____ DATASET EXTRACT

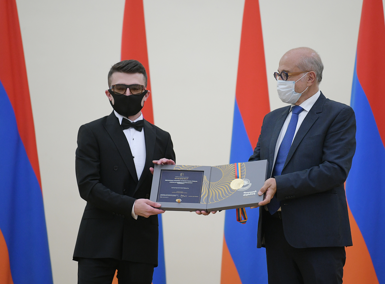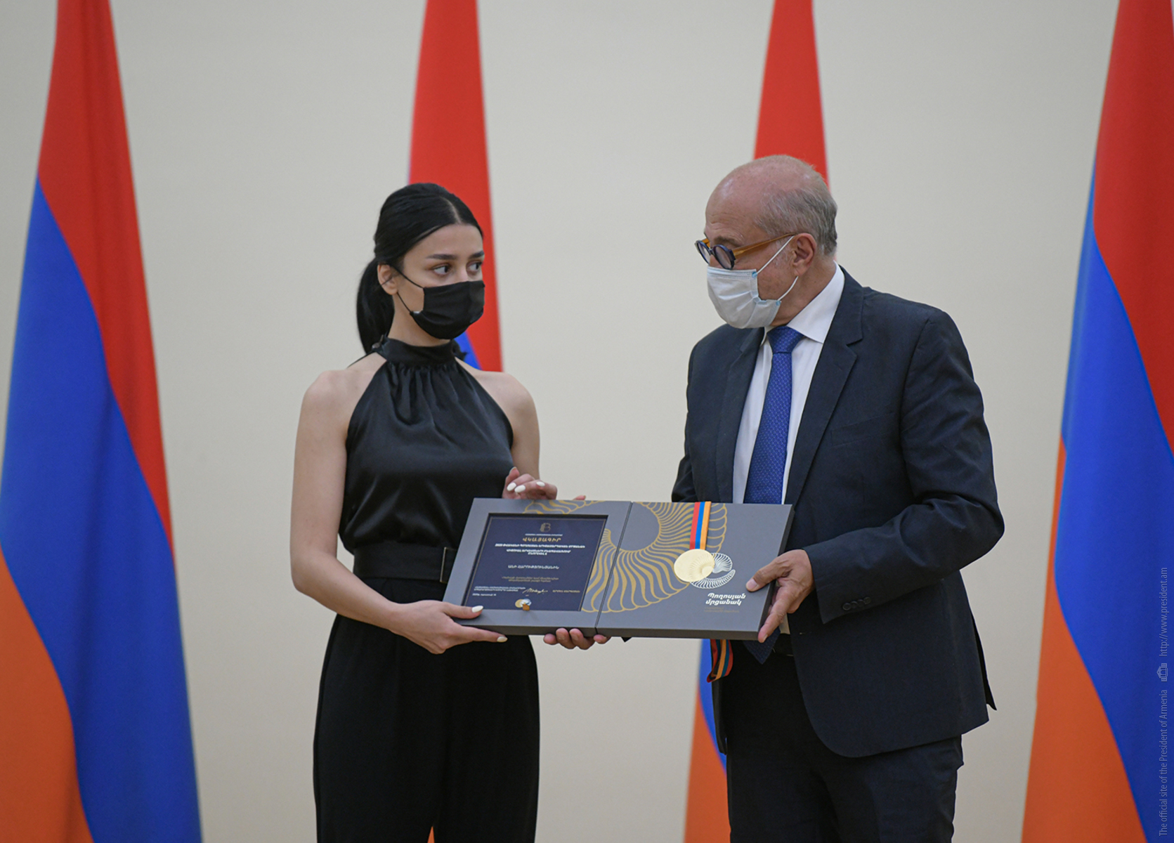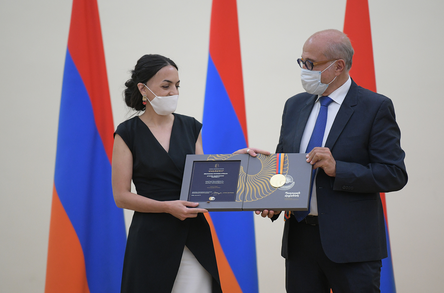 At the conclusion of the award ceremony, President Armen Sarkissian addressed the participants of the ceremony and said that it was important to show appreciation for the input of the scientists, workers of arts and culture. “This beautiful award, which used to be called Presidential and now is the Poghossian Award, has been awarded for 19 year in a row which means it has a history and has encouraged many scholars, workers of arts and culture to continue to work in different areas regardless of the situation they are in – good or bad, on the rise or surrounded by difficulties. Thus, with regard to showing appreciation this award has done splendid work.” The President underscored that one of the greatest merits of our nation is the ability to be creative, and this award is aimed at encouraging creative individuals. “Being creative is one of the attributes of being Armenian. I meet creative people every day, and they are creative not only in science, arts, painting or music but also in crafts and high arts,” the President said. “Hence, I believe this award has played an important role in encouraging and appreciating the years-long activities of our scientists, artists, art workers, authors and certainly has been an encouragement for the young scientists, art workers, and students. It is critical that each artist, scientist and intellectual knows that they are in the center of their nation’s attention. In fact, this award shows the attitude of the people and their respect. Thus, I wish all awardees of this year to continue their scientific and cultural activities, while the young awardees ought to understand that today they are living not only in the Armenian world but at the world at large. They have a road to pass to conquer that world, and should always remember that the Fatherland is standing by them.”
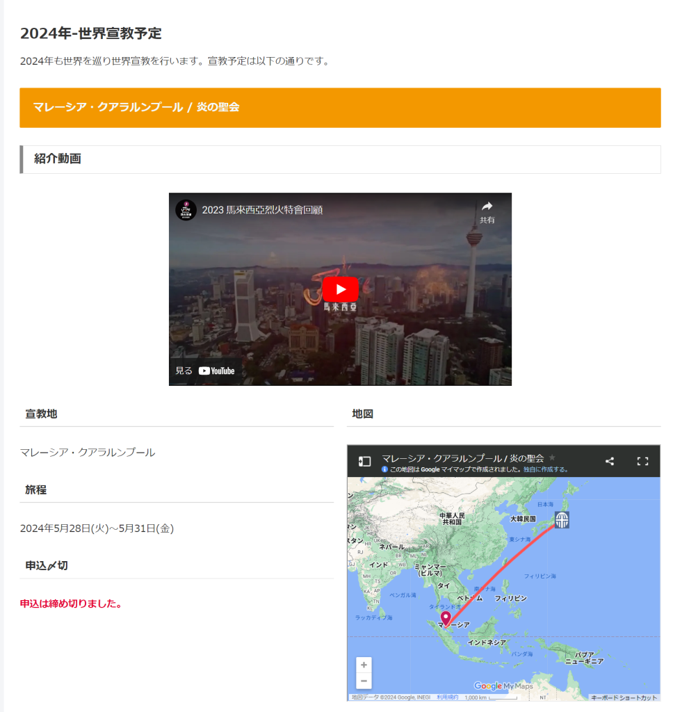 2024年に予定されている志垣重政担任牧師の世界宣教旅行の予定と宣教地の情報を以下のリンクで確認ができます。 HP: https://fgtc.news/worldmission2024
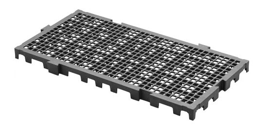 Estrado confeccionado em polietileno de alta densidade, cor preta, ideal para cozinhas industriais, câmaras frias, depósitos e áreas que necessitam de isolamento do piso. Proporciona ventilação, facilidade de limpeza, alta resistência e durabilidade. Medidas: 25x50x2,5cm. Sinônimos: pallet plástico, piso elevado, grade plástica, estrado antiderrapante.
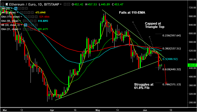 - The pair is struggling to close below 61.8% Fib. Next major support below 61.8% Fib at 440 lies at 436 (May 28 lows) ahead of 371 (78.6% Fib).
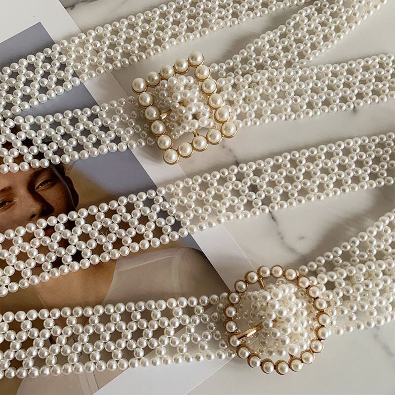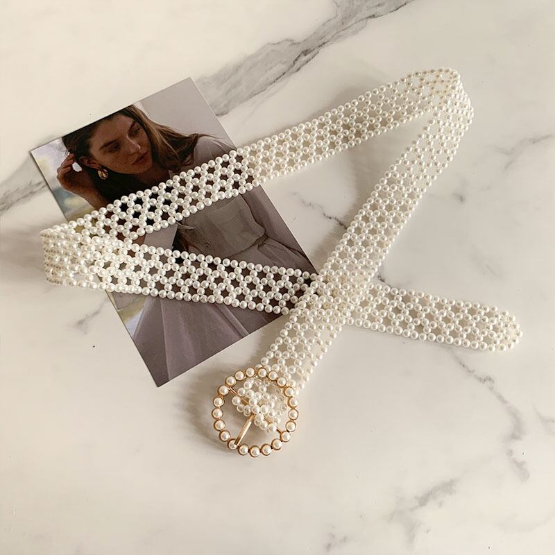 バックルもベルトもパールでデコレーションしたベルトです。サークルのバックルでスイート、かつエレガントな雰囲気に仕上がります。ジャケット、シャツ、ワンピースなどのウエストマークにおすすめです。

________
____ DATASET EXTRACT

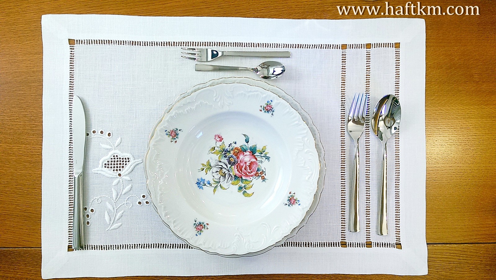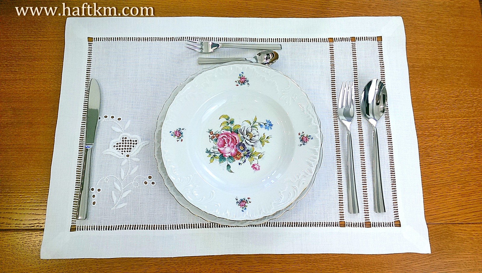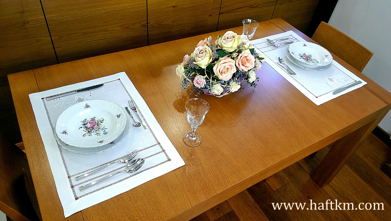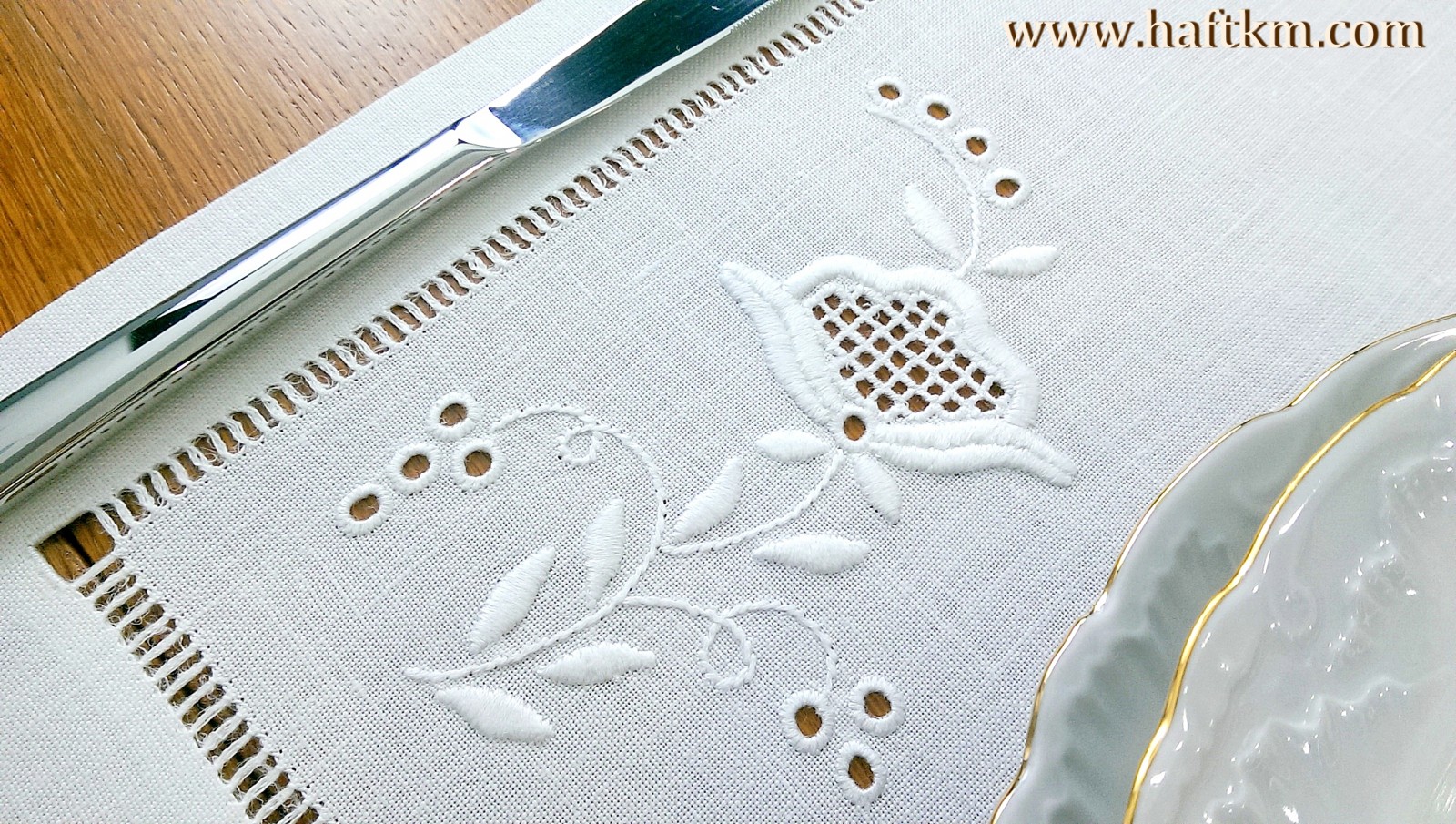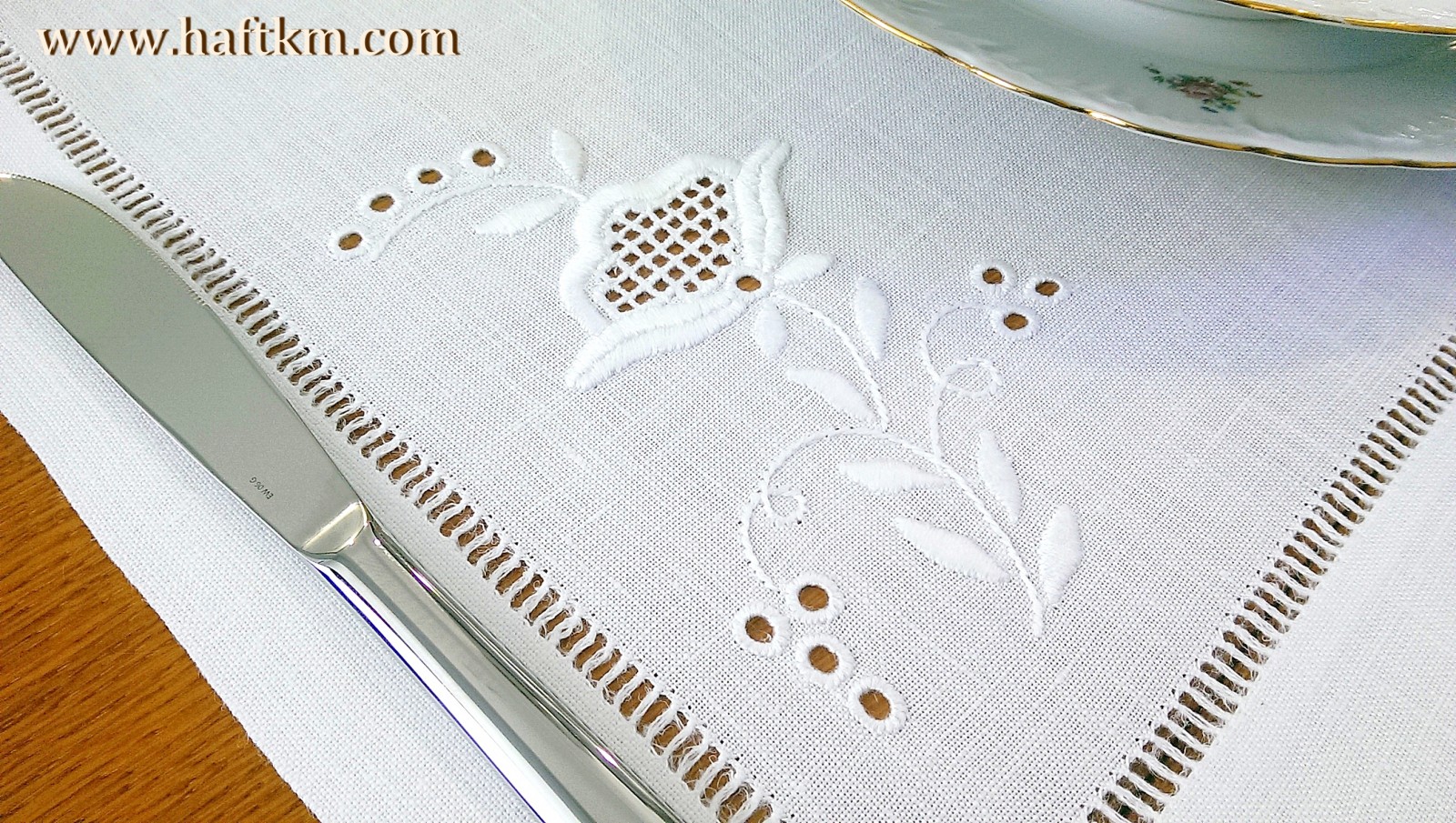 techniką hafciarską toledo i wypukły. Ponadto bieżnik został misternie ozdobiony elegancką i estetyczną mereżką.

________
____ DATASET EXTRACT

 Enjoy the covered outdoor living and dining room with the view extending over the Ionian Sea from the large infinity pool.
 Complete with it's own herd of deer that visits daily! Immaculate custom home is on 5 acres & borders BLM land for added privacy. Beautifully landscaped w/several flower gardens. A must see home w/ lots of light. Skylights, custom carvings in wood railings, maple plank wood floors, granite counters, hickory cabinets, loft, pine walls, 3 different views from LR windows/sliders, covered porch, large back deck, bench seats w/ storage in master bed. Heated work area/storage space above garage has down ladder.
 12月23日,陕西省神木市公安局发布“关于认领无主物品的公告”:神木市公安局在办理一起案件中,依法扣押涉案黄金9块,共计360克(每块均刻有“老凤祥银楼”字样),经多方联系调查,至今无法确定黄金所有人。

________

### EXERCISE PROMPT
Transcribe the listing above exactly, but only from the line with "- The pair is" through the line with "バックルもベルトもパールでデ". Include both of those lines and omit the pictures.

### WRITTEN RESPONSE
 - The pair is struggling to close below 61.8% Fib. Next major support below 61.8% Fib at 440 lies at 436 (May 28 lows) ahead of 371 (78.6% Fib).
 バックルもベルトもパールでデコレーションしたベルトです。サークルのバックルでスイート、かつエレガントな雰囲気に仕上がります。ジャケット、シャツ、ワンピースなどのウエストマークにおすすめです。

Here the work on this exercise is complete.